Novel Protein Transduction Method by Using 11R
An Effective New Drug Delivery System for the Treatment of Cerebrovascular Diseases
Background and Purpose— A motif of 11 consecutive arginines (11R) is reported to be one of the most effective protein transduction domains for introducing proteins into the cell membrane. We therefore examined the transduction efficiency of 11R in cerebral arteries.

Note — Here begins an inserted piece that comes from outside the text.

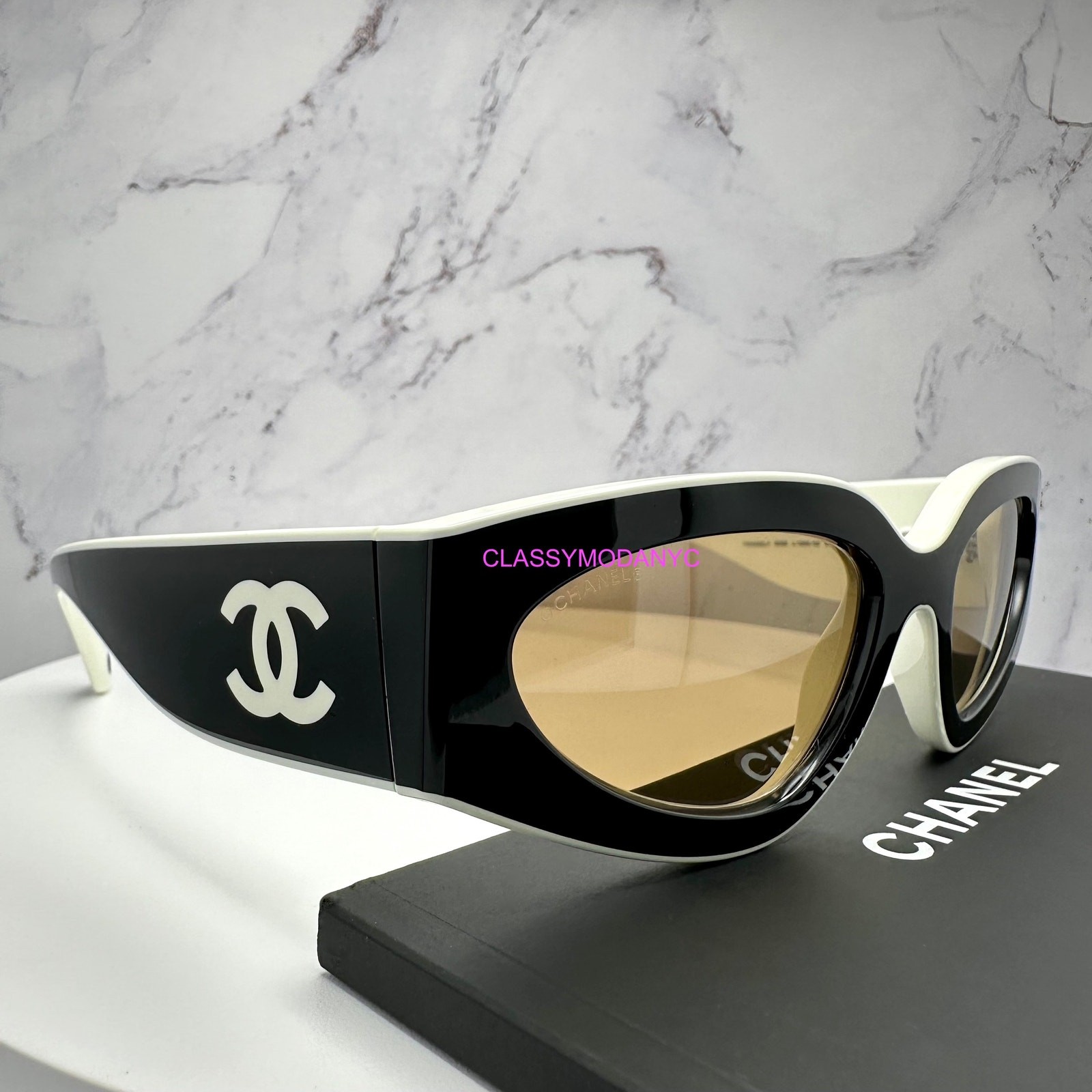CHANEL New Sunglasses - 100% Authentic! CURRENT COLLECTION CHANEL - SUPER LIMITED - SOLD OUT! Brand: CHANEL Sale Includes: Chanel Case, Chanel Box, Chanel Care Material, Chanel Polish Cloth Condition: Brand New CHANEL Sunglasses - 100% Authentic! Item Details * Black & White Acetate Frame * Black Arms with White Interlocking CC Logo On Both Sides * Cat Eye Silhouette Frame Shape * CHANEL Logo engraved on lenses * Gradient Brown Lens * Black Interlocking CC Logo engraved on interior ends of the temple arms * CHANEL logo on metal part of interior arms at temples * Made In Italy * Unisex Eyewear * Unique Serial Number etched to confirm authenticity * Manufacturer Color: Black / White * Measurements: Temple (in mm): Lens/ Bridge/Temple 54-20-140 AUTHENTICITY GUARANTEED 100% ORIGINAL and BRAND NEW Fast Shipping - Shop Now Discounted Luxury Designer Items - Great Gift! 597

Methods— Basilar arteries (BAs) obtained from rats were incubated with either 11R-enhanced green fluorescent protein (11R-EGFP) or EGFP without 11R. After incubation, expression of 11R-EGFP or EGFP in BA serial sections was observed by fluorescence microscope. In an additional in vivo experiment, 11R-EGFP or EGFP was injected into the cisterna magna with or without subarachnoid hemorrhage. The 11R-EGFP or EGFP was injected just after the autologous blood injection, and then the expression of 11R-EGFP or EGFP in BA sections was also observed by fluorescence microscope.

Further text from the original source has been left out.